Safety and efficacy of treatment with once-daily ledipasvir/sofosbuvir (90/400 mg) for 12 weeks in genotype 1 hcv-infected patients with severe renal impairment.
Lawitz E, Landis CS, Maliakkal BJ, Bonacini M, Ortiz-Lasanta G, Zhang J, Mogalian E, De-Oertel S, Osinusi AO, Brainard DM, McHutchison JG, Flamm SL, Gordon SC, and Gane EJ. Safety and efficacy of treatment with once-daily ledipasvir/sofosbuvir (90/400 mg) for 12 weeks in genotype 1 hcv-infected patients with severe renal impairment. Hepatology 2017; 66:848A-848A.
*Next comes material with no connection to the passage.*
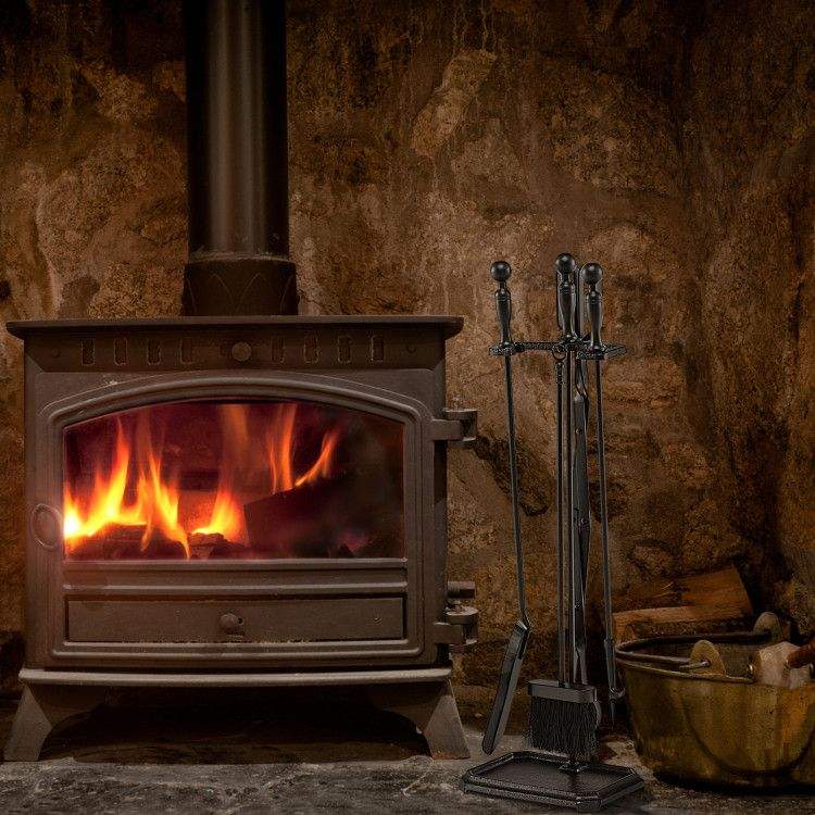5-Piece Fireplace Tool Set with Stand Including Tong Brush Shovel Poker Essentials Accessory

Hepatology (Baltimore, Md.)
Background: Despite higher concentrations of the primary circulating sofosbuvir (SOF) metabolite, GS‐331007, in patients with severe renal impairment, retrospective case series and claims database analyses have suggested substantial use of ledipasvir (LDV)/SOF in this population with no untoward effects described. The current study evaluated the safety, efficacy, and pharmacokinetics (PK) of LDV/SOF (90/400 mg) once‐daily for 12 weeks in patients with genotype (GT) 1 HCV‐infection and severe renal impairment. Methods: Treatment naïve or experienced patients with or without compensated cirrhosis and creatinine clearance (CLcr) ≤ 30 mL/min (Cockcroft‐Gault equation), not on dialysis, received open‐label treatment with LDV/SOF once daily for 12 weeks. Virologic response, pharmacokinetics (PK), and safety, including echocardiograms, were assessed. Results: Of the 18 patients enrolled and treated, the majority were male (67%), 10 (56%) were African‐American, 8 (44%) had BMI >30 kg/ m2 and mean (range) CLcr at baseline was 24 9 (9 0‐39 6) mL/min. In terms of liver disease characteristics, all 18 had GT1 HCV infection (14 GT1a and 4 GT1b), 14 (78%) were treatment naïve, and 2 (11%) had cirrhosis. All patients completed 12 weeks of LDV/SOF treatment. There were no early discontinuations nor any on‐treatment virologic failures. The SVR4 rate is 100% (18/18). Preliminary PK data in subjects with severe renal impairment demonstrate that the exposure of SOF and GS‐331007 were approximately 2.6‐ and 5.1‐fold higher, respectively, than in subjects in the LDV/SOF Phase 3 studies; LDV exposure was similar in both populations. The most common adverse events (AEs) were fatigue (22%), headache (22%), and hyperkalemia (22%). Six serious AEs were reported among 4 patients (22%), including 2 renal events; no SAEs were considered related to study drugs. Preliminary analysis of echocardiogram data from the first 8 subjects demonstrated stable parameters from screening through the end of treatment. Complete SVR12, PK, and echocardiogram results will be presented. Conclusions: Treatment with LDV/SOF (90/400 mg) for 12 weeks in genotype 1 patients with and without cirrhosis and severe renal impairment resulted in 100% SVR4 rate. The regimen was safe and well‐tolerated with no treatment discontinuations and no treatment‐related SAEs.